Brief -
Nothing beyond the line containing "Het aantal atlasblokken" is to be printed; print exactly each line from the start of the records below through that line, leaving out pictures.

Extracted records -
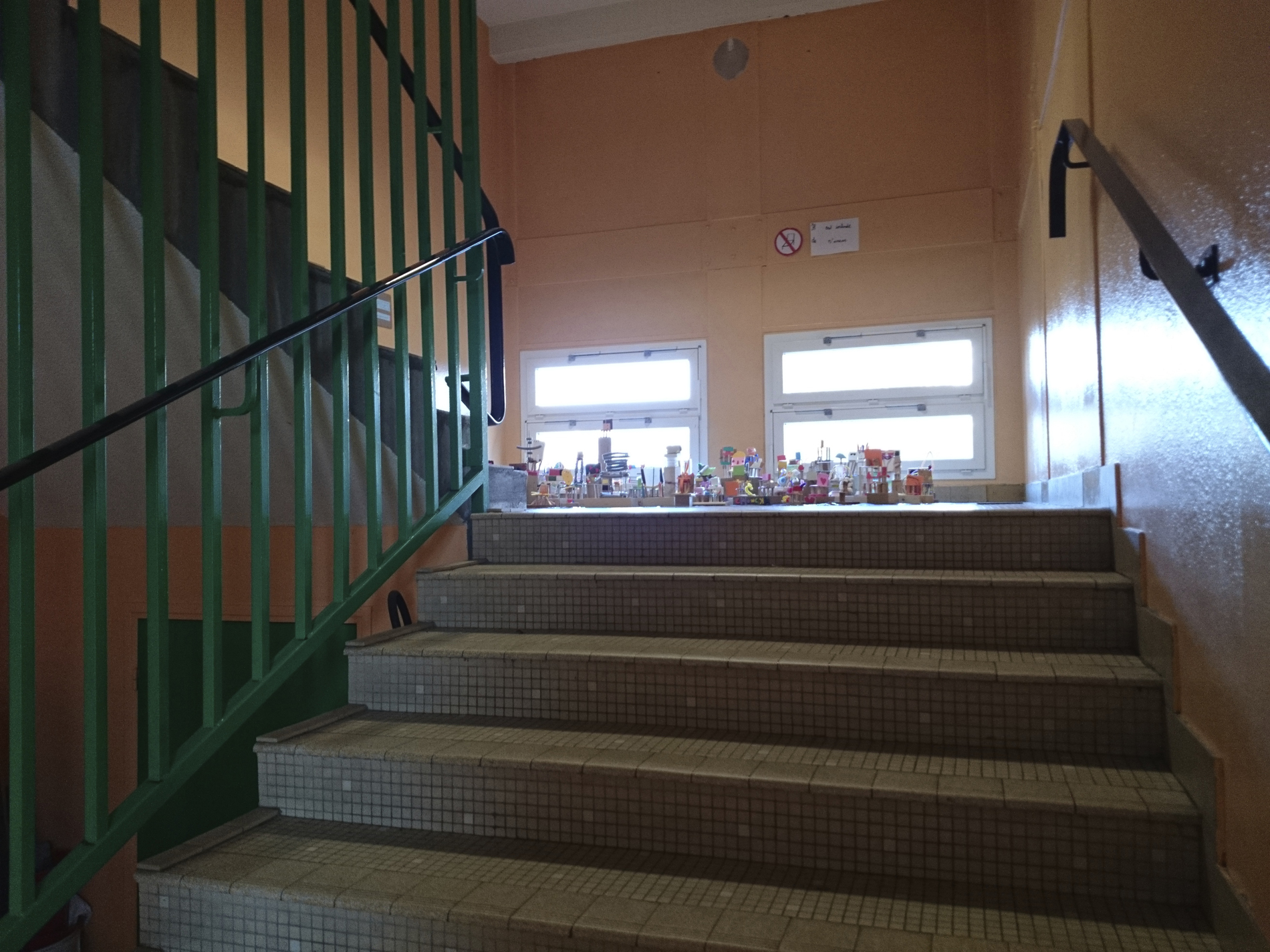 Elles ont été ensuite exposés de façon regroupés sur des sortes d’îlots dans la cage d’escalier à deux endroits bien distincts.
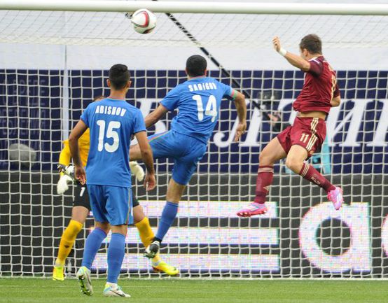 У Азербайджана за весь первый тайм мог возникнуть ровно один голевой момент, но на 39-й минуте, когда Надиров отдал тонкий разрезающий пас по центру на выход Дадашову, последний не вышел один на один, а... поскользнулся. Зато Россия две минуты спустя довела счет до крупного, забив за 40 минут больше, чем за 270 на чемпионате мира. Дзагоев после розыгрыша углового навесил, Игнашевич "перевисел" Рамалданова – и получи, Азербайджан, 3:0. Вот только радоваться этому как-то не больно получалось. Не столько из-за воспоминаний о чемпионате мира, сколько из-за скромности соперника.
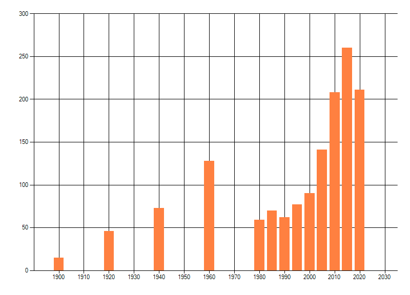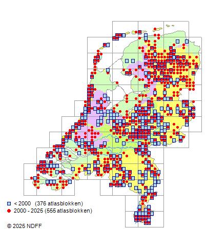 Het aantal atlasblokken (5x5 km) waarin de soort is gemeld binnen een periode van vijf jaar (vanaf 1980) of twintig jaar. Niet gecorrigeerd voor waarnemersinspanning en het aantal doorgegeven waarnemingen kan sterk variëren per periode, dus een trend in verspreiding kan hier niet direct uit worden afgelezen. Het opgegeven jaartal is het eerste jaar van de periode. Bron: gevalideerde waarnemingen uit de NDFF.
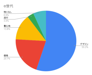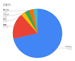 両世代ともに「デザイン」が最大の重視項目である。しかし、α世代は「価格」を挙げる割合がZ世代よりも高く、限られたお小遣いの中でいかに効率よく好みのスタイルを作るかを重視している。一方でZ世代は「着心地」や「ブランド」への意識も分散しており、質や機能性、そしてブランド背景まで含めた総合的な判断で選ぶ傾向が強い。
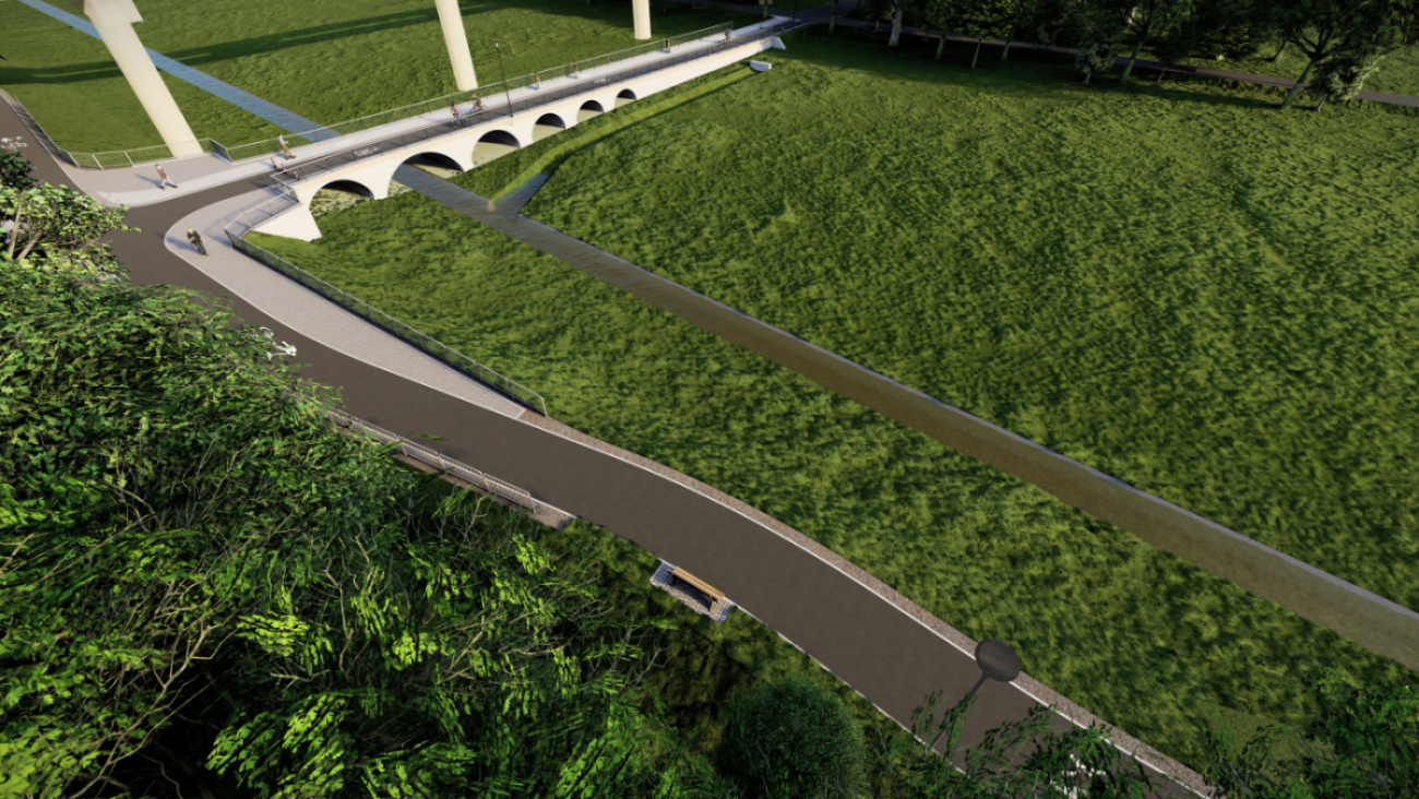 Budowa nowego odcinka rozpocznie się w rejonie północnej alei w parku Wodziczki, gdzie kończy się wybudowana w ubiegłym roku droga rowerowa z chodnikiem. Dalej trasa zostanie poprowadzona nad Bogdanką, w rejonie wiaduktu PST. Następnie połączy się z południową aleją dla pieszych. Nasyp po tej stronie będzie musiał zostać podwyższony, dlatego w zakres zadania wchodzi też częściowa przebudowa alei.

Result of the task -
 Elles ont été ensuite exposés de façon regroupés sur des sortes d’îlots dans la cage d’escalier à deux endroits bien distincts.
 У Азербайджана за весь первый тайм мог возникнуть ровно один голевой момент, но на 39-й минуте, когда Надиров отдал тонкий разрезающий пас по центру на выход Дадашову, последний не вышел один на один, а... поскользнулся. Зато Россия две минуты спустя довела счет до крупного, забив за 40 минут больше, чем за 270 на чемпионате мира. Дзагоев после розыгрыша углового навесил, Игнашевич "перевисел" Рамалданова – и получи, Азербайджан, 3:0. Вот только радоваться этому как-то не больно получалось. Не столько из-за воспоминаний о чемпионате мира, сколько из-за скромности соперника.
 Het aantal atlasblokken (5x5 km) waarin de soort is gemeld binnen een periode van vijf jaar (vanaf 1980) of twintig jaar. Niet gecorrigeerd voor waarnemersinspanning en het aantal doorgegeven waarnemingen kan sterk variëren per periode, dus een trend in verspreiding kan hier niet direct uit worden afgelezen. Het opgegeven jaartal is het eerste jaar van de periode. Bron: gevalideerde waarnemingen uit de NDFF.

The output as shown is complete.